Convert Drop (drop) to Attoliter (aL) instantly.
About these units
Drop (drop)
The drop is one of the oldest fluid measures and originally referred simply to the amount of liquid that naturally forms at the end of a dripping vessel. Because drop size depends on viscosity, surface tension, temperature, and orifice size, early medicine found drops inconsistent and unreliable. Modern medicine and chemistry sometimes define a drop as 0.05 mL, but this is only a convention used for standardized droppers—real drops can vary significantly. Despite its imprecision, the drop survives in everyday language, aromatherapy, essential oils, and household instructions ("add a few drops"). It exemplifies humanity's earliest attempts to quantify small volumes before scientific instrumentation enabled precise micro-measurement.
Attoliter (aL)
An attoliter is a staggering 10⁻¹⁸ liters, placing it firmly in the realm of molecular and nanoscale science.

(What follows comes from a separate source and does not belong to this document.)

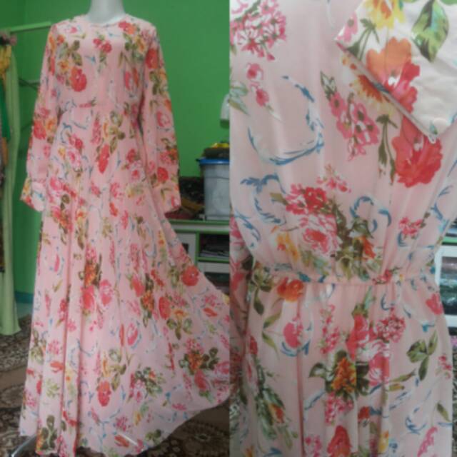 Model Baju Gamis Bahan Sifon Motif Bunga

This unimaginably small volume corresponds to spaces comparable to the inside of viruses, nanopores, or clusters of biomolecules. Cutting-edge technologies like nano-droplet reactors, atomic force microscopy, and high-precision spectroscopy rely on attoliters to describe reaction chambers or sample sizes. The attoliter is so small that even a single bacterial cell has a volume approximately one million attoliters. This makes the unit essential for exploring the physical limits of chemical reactions and biological processes.